- What you have to do
Reproduce all of the data exactly. Images are not to appear in the reply.

** Opening Given material block **

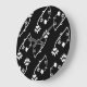 Reloj Redondo Grande Flores blancas negras retro Cinta de pared
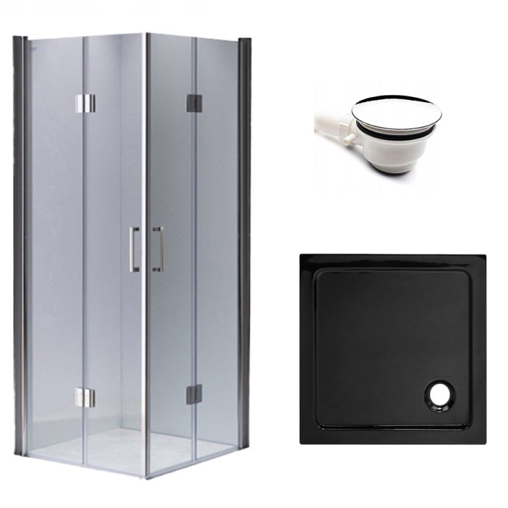 Zestaw - kabina prysznicowa kwadratowa 90x90 cm - brodzik - syfon
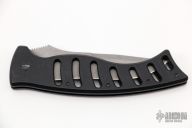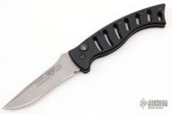 This Paragon X-O Lite auto has a blasted recurve blade with notched thumbrest and false top edge. Handle is black anodized aluminum with a push button. Has some scuffs/scratches/patina, otherwise good condition.

** Closing Given material block **

- Answer to the exercise
 Reloj Redondo Grande Flores blancas negras retro Cinta de pared
 Zestaw - kabina prysznicowa kwadratowa 90x90 cm - brodzik - syfon
 This Paragon X-O Lite auto has a blasted recurve blade with notched thumbrest and false top edge. Handle is black anodized aluminum with a push button. Has some scuffs/scratches/patina, otherwise good condition.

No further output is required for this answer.